Retype, without pictures, the line holding "高仿LV*SS24系列1AFQZJ格子刺繡短袖襯衫米色" and each line below it through the final line.

═════ Data section

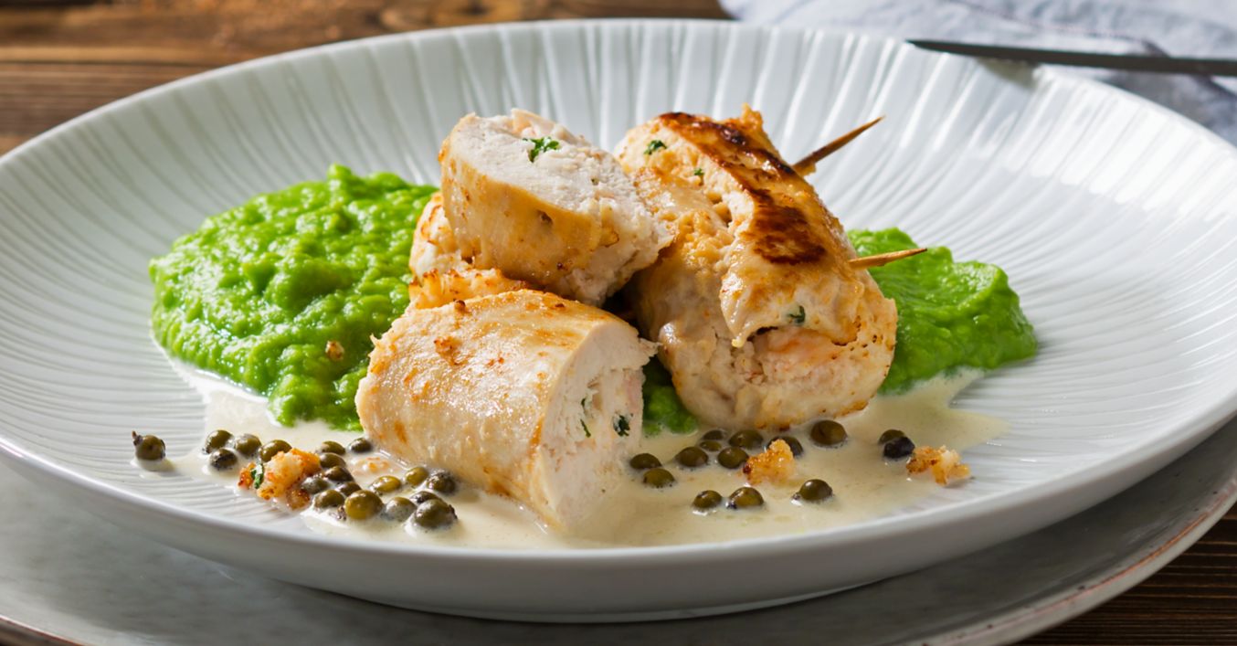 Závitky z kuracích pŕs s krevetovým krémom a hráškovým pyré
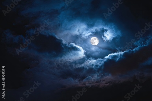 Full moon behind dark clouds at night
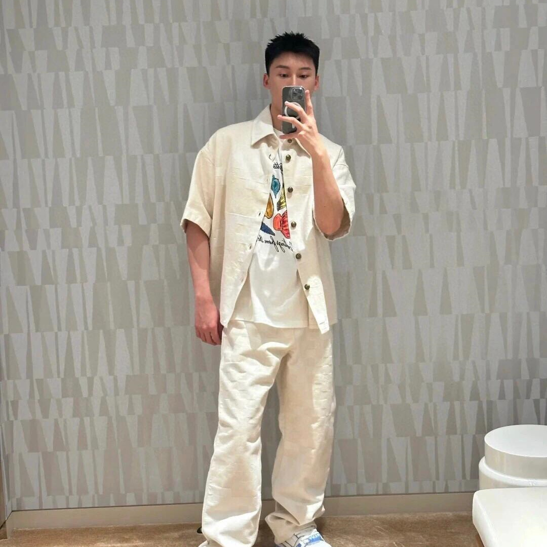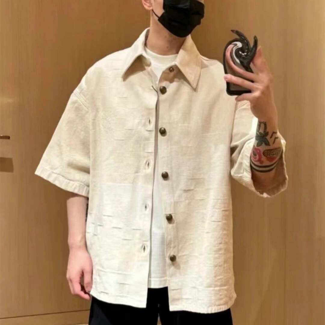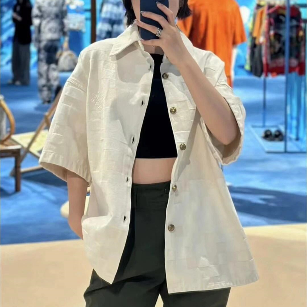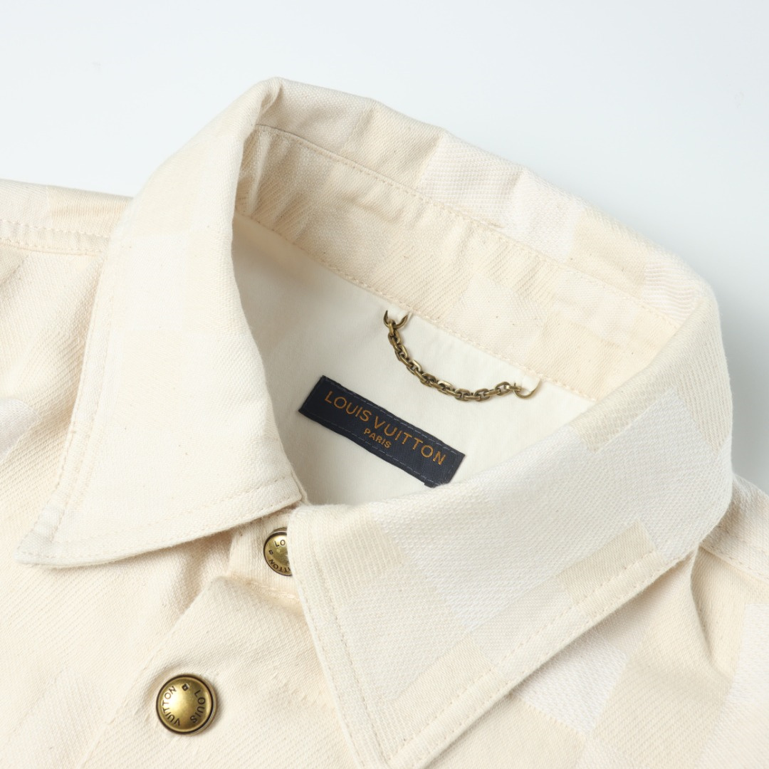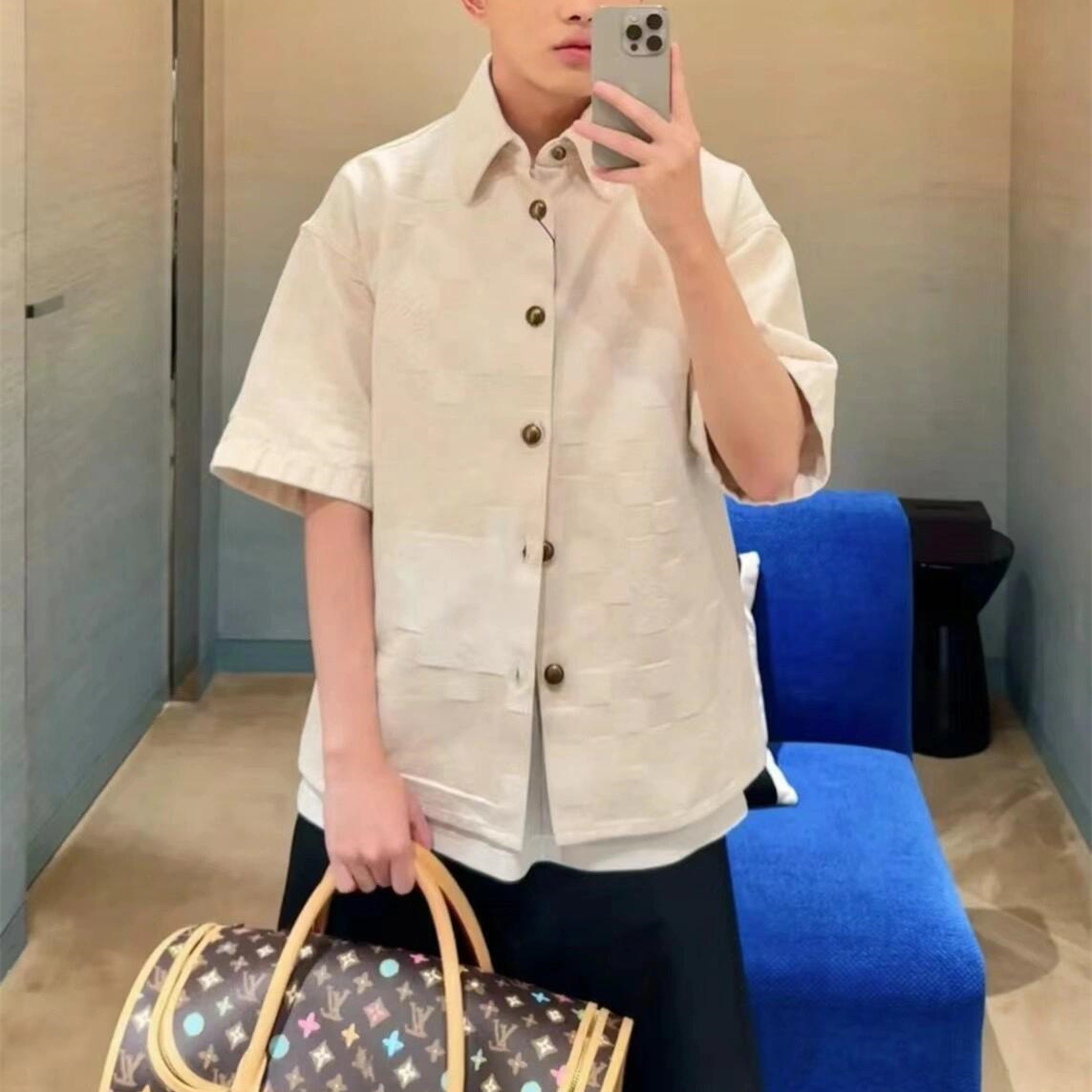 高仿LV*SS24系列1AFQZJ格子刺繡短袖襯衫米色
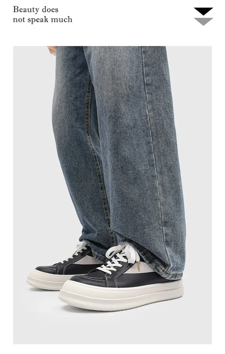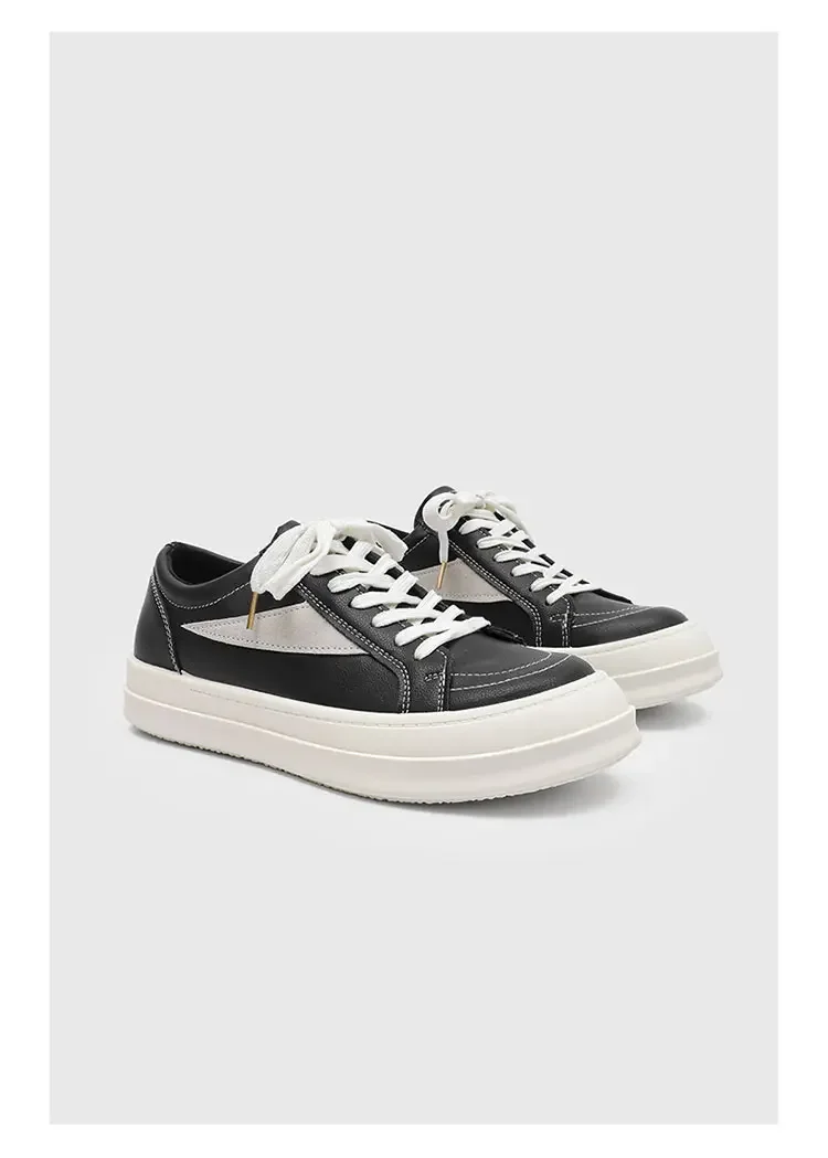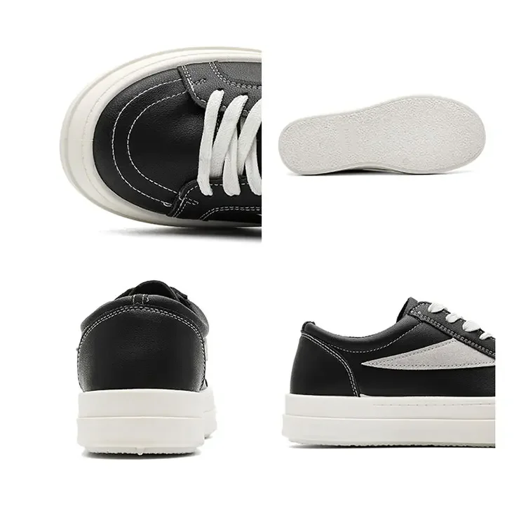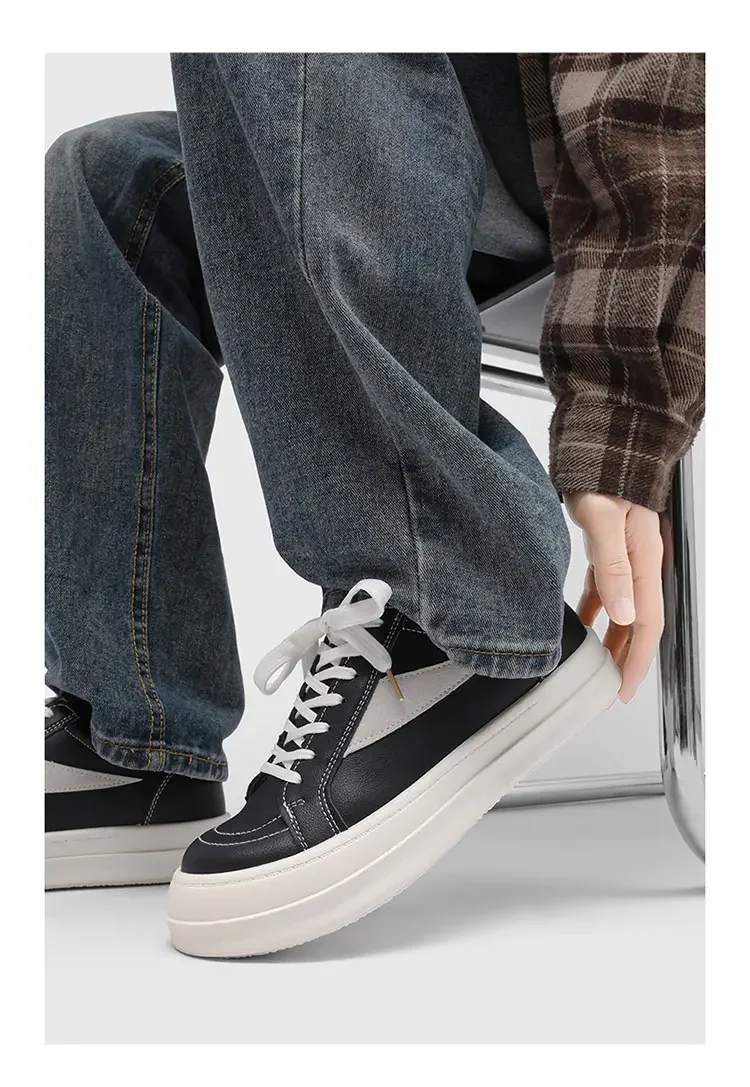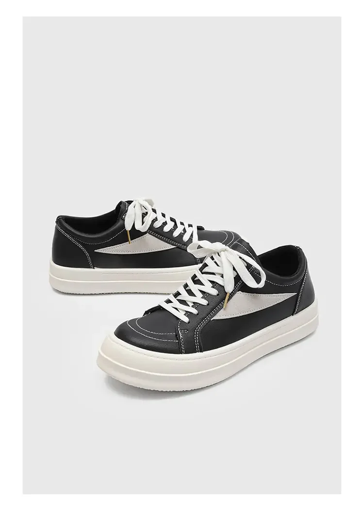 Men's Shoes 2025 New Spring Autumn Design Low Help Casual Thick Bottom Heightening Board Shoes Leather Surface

══════════

_Response below_.
 高仿LV*SS24系列1AFQZJ格子刺繡短袖襯衫米色
 Men's Shoes 2025 New Spring Autumn Design Low Help Casual Thick Bottom Heightening Board Shoes Leather Surface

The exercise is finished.